Until now, you've only explored datasets with two features to make it easy to visualize the decision boundary. Remember that you can use Support Vector Machines on a wide range of classification datasets, with more than two features. While you will no longer be able to visually represent decision boundaries (at least not if you have more than three feature spaces), you'll still be able to make predictions.

To do this, you'll use the salaries dataset again (in 'salaries_final.csv').

This dataset has six predictors:

  • Age: continuous

  • Education: Categorical - Bachelors, Some-college, 11th, HS-grad, Prof-school, Assoc-acdm, Assoc-voc, 9th, 7th-8th, 12th, Masters, 1st-4th, 10th, Doctorate, 5th-6th, Preschool

  • Occupation: Categorical - Tech-support, Craft-repair, Other-service, Sales, Exec-managerial, Prof-specialty, Handlers-cleaners, Machine-op-inspct, Adm-clerical, Farming-fishing, Transport-moving, Priv-house-serv, Protective-serv, Armed-Forces

  • Relationship: Categorical - Wife, Own-child, Husband, Not-in-family, Other-relative, Unmarried

  • Race: Categorical - White, Asian-Pac-Islander, Amer-Indian-Eskimo, Other, Black

  • Sex: Categorical - Female, Male

Simply run the code below to import and preview the dataset.

import statsmodels as sm
from sklearn.preprocessing import StandardScaler
from sklearn.linear_model import LogisticRegression
import pandas as pd
salaries = pd.read_csv('salaries_final.csv', index_col=0)
salaries.head()

The following cell creates dummy variables for all categorical columns and splits the data into target and predictor variables.
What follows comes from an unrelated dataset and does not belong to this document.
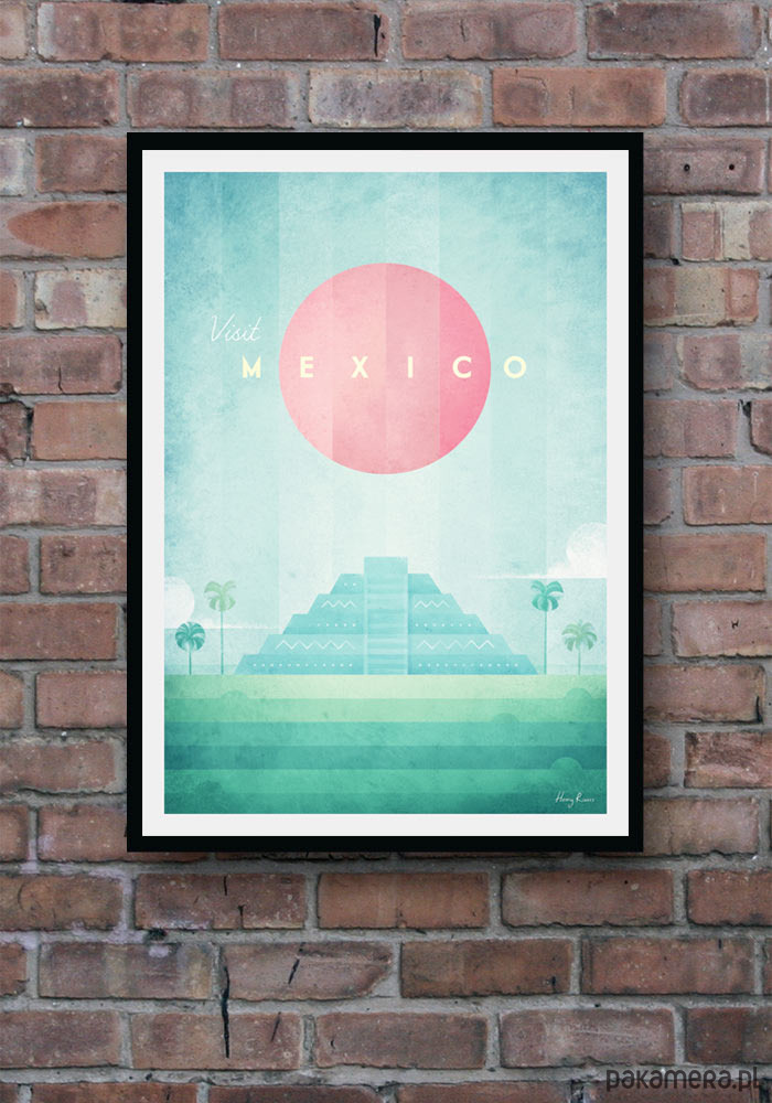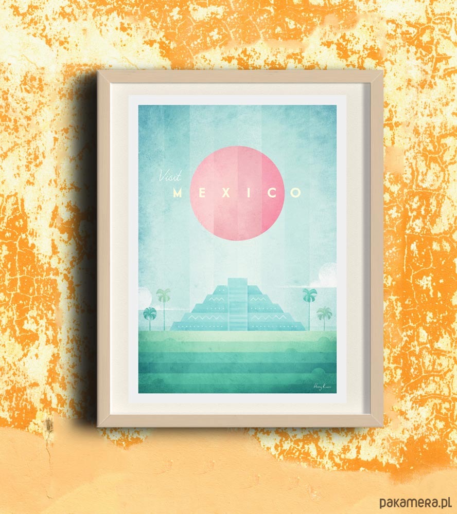Plakat w stylu vintage przedstawiający zachód słońca nad piramidą Kukulkana, zbudowaną przez Majów w mieście Chichen Itza (teren obecnego Meksyku). Inspirowany plakatami podróżniczymi z lat 20-tych XX wieku.

# Create dummy variables and 
# Split data into target and predictor variables
target = pd.get_dummies(salaries['Target'], drop_first=True)
xcols = salaries.columns[:-1]
data = pd.get_dummies(salaries[xcols], drop_first=True)

Now build a simple linear SVM using this data. Note that using SVC, some slack is automatically allowed, so the data doesn't have to perfectly linearly separable.

  • Create a train-test split of 75-25. Set the random_state to 123
  • Standardize the data
  • Fit an SVM model, making sure that you set "probability = True"
  • After you run the model, calculate the classification accuracy score on both the test set
# Split the data into a train and test set
X_train, X_test, y_train, y_test = None
# Standardize the data

Warning: It takes quite a while to build the model! The score is slightly better than the best result obtained using decision trees, but at the cost of computational resources. Changing kernels can make computation times even longer.

# Fit SVM model  
# ⏰ This cell may take several minutes to run
# Calculate the classification accuracy score

Summary

Great, you've got plenty of practice with Support Vector Machines! In this lab, you explored kernels and applying SVMs to real-life data!